Let's start with the structure of the bearish Bat. This pattern consists of four legs: XA, AB, BC, and CD. The core logic is as follows: the initial XA leg moves downward, then the AB leg retraces upward, usually by 38% or 50% of XA according to Fibonacci levels. Point B is particularly important; it must precisely end at one of these two levels, otherwise it can't be considered a standard Bat pattern.
Next, the BC leg retraces 38% to 88% of the AB leg, and finally, the CD leg moves upward, ending near the 88% retracement of the XA leg. When all these conditions are met, the bearish Bat pattern is confirmed, and the price typically begins to decline.
Regarding actual trading, the logic of trading the bearish Bat is quite straightforward. First, use pattern recognition tools or your own eyes to identify structures that meet the criteria on the chart. Once confirmed, prepare to go short. The entry point is critical: place a limit sell order at the 88% retracement of the XA leg. Stop-loss should be set above the swing high of point X, which helps control risk more effectively.

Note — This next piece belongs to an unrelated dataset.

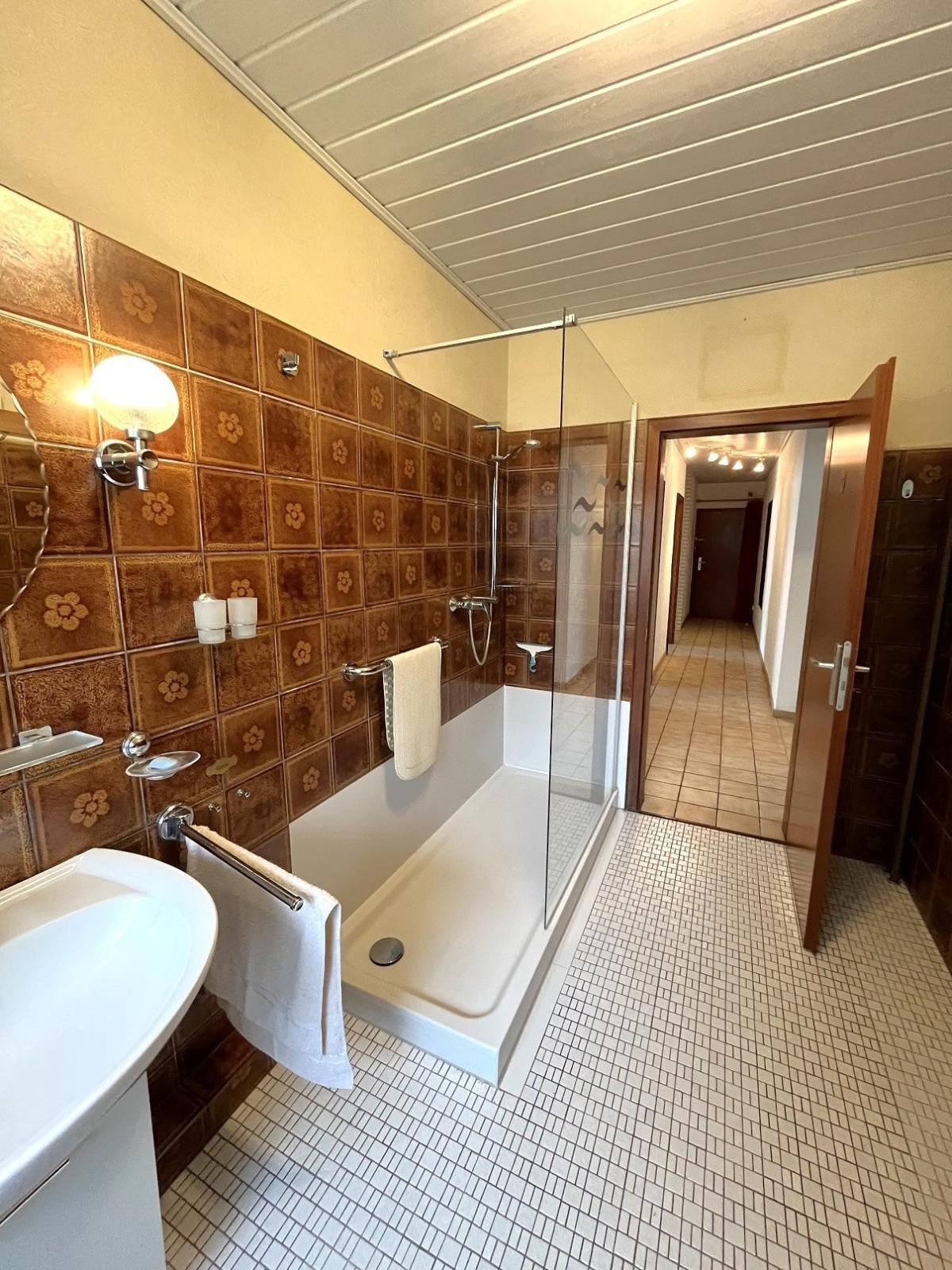 Die 3- bzw. 2 2/2-Zimmer-Eigentumswohnung liegt mit zwei weiteren Wohnungen im Hochparterre des Mehrfamilienhauses. Sie bietet einen weitläufigen zentralen Wohnungsflur mit Garderobennische, ein großes Wohnzimmer mit Balkonzugang und ein geräumiges Schlafzimmer. Zwei kleine Zimmer wurden durch Wandrückbau räumlich zusammengelegt. Daneben sind natürlich noch Küche und Bad vorhanden, die sich in ihrer Ausführung und Farbgebung jeweils im Stil der 1970er Jahre zeigen. Zuletzt wurde im Bad eine großzügige Duschsituation hergestellt. Die Wohnung zeichnet sich durch ihre Geräumigkeit und wirtschaftliche Raumaufteilung aus. Sie ist insgesamt durchaus renovierungs- bzw. modernisierungsbedürftig, stellenweise sind vermeintlich nutzungsbedingte feuchte Wandpartien erkennbar. In den einzelnen Räumlichkeiten sind unterschiedliche Boden- und Wandbeläge und auch Vertäfelungen vorhanden. Die Wohnungselektrik ist verbesserungswürdig. Der große Balkon zur Straßenseite erstreckt sich über die Breite des Wohnzimmers. Die Wohnungsfenster haben Außenrollläden. Der zur Wohnung gehörende Kellerraum ist überdurchschnittlich groß. Die Eigentumswohnung eignet sich gut für einen 2- oder 3-Personenhaushalt.

As for take profit, a multi-target strategy is recommended. The first target is at the swing high of point B, the second at the swing low of point C, and the third at the swing low of point A. This way, profits can be gradually locked in.
I came across an example with GBP/CAD that clearly illustrates the concept. The XA leg declined strongly, then the AB leg rose, with point B ending near 53% of XA—slightly above the standard 50%, but still acceptable. After a slight decline in BC, the CD leg rose and broke above point B's high, presenting a solid bearish Bat trading opportunity.

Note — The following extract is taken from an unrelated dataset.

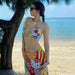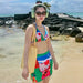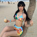 Wholesale Printed neck tie, split three-point shorts with skirt, bikini swimsuit

During the rise of the CD leg, we placed a limit order at the 88% retracement. Interestingly, even after the order was filled, the price continued upward, and point D ended at the 97% retracement of XA, forming a double top. However, because the stop-loss was set reasonably, it was not triggered. Another detail: the last candle of the CD leg looked like a pin bar, further reinforcing the bearish reversal signal.
As the price started to fall, the first target was broken by a strong bearish candle. After a slight pullback, the price dropped again, with selling momentum increasing, and the second target at the swing low of point C was hit. However, the price then quickly reversed upward, hitting the stop-loss at the extreme of point X, and the entire position was closed. Despite this, the overall trade was profitable.
The bearish Bat, along with Gartley, Butterfly, and Crab patterns, are considered the four main harmonic trading patterns. The biggest advantage of the Bat pattern is its favorable risk-reward ratio because it requires a relatively deep retracement for validation. This allows traders to set wider stop-losses near point X while expecting a substantial profit potential. For traders looking to improve their technical analysis skills, mastering the bearish Bat pattern is definitely worth investing time into studying.